The testimony of the witnesses shows conclusively that the defendant in this case brought on the difficulty; that he came out of the house, or out near the car where the deceased was preparing to leave, and demanded that they leave, using language that has not been incorporated in this opinion, but such language as to arouse a person to anger or to create a breach of the peace; that some few words were passed between the deceased and the defendant, and the defendant fired the shot that took the life of the deceased, and the deceased being unarmed, and having nothing in his hand, unless it was an empty whisky bottle, and being several feet from the defendant at the time he fired the shot.
There is not a word of testimony showing any mitigating circumstances, and the testimony of the defendant as to what took place prior to the difficulty, as to the difficulty had by the deceased and Ick Hatcher, is not supported or borne out by the witness Hatcher; Hatcher left the scene before the fatal trouble. If the record shows
anything, it shows the action of a man who was bent an having trouble with some one, and seemed to have selected the deceased as his prey to shoot. No justification is offered excepting the defendant's testimony, which does not bear upon its face the earmarks of truth. Immediately after the shot was fired, the defendant left the scene of the difficulty, and was arrested in Southern Texas a few months later and was brought back to Washita county for trial.

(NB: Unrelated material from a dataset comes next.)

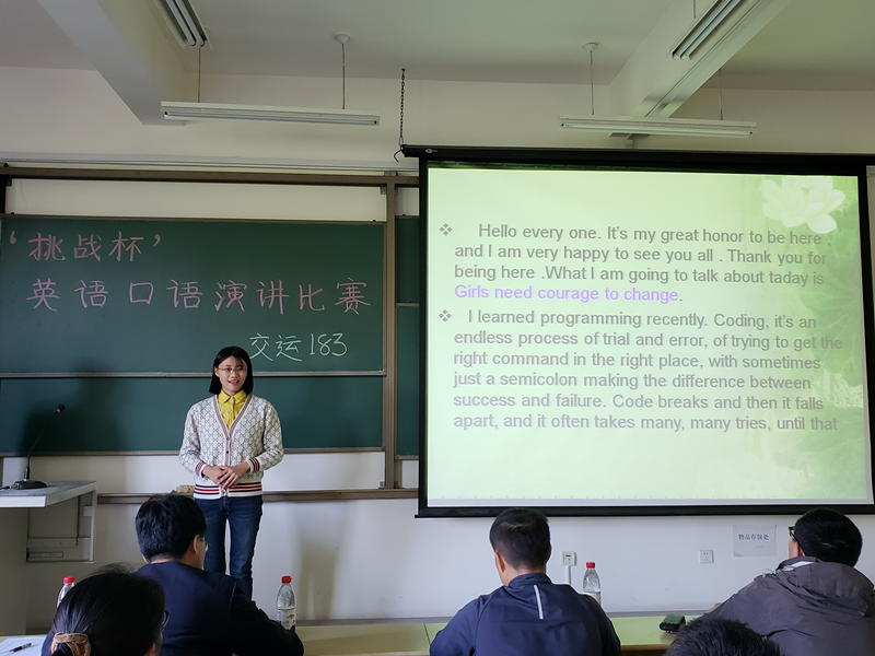 为营造班级英语学习气氛,丰富班级活动。10月24日下午,MG冰球突破官网交运183班在主教学楼B432教室举行“挑战杯”英语口语演讲比赛。

The testimony in this case shows the deceased and the defendant were slightly acquainted, knowing each other for two or three weeks; that the deceased and the defendant had been friends and were friendly when they met. The testimony in this case tends to show the defendant and the deceased had been drinking whisky the evening of the difficulty. The defendant insists that prior to this difficulty, when the deceased and Ick Hatcher were having an argument out in the yard, that the deceased had a pistol drawn, and he caught hold of it to keep the deceased from shooting Hatcher.
Hatcher's statement does not bear out the testimony of the defendant; Hatcher says he had something in his hand; Hatcher's testimony shows that he and the deceased argued there for a while and he went and asked a man who was attending the dance to take him home, and the party replied that he was going to Dill. Outside of the defendant's testimony that some of his relations had reported to him that the deceased was going to kill the defendant, there is not a word in the record to show that the deceased had any ill will against the defendant or that they had any previous difficulty.
The statement of the defendant makes it at least a case of manslaughter in the first degree, the testimony of
the state makes out a case of killing without any provocation or justifications and the defendant was indeed fortunate that the jury did not render a verdict of murder with a sentence to the electric chair. The admission of evidence objected to by the defendant, and urged by him as grounds for reversal, did not prejudice the defendant or deprive him of having a fair and impartial trial. Foreman v. State, 38 Okla. Cr. 50, 259 Pac. 176.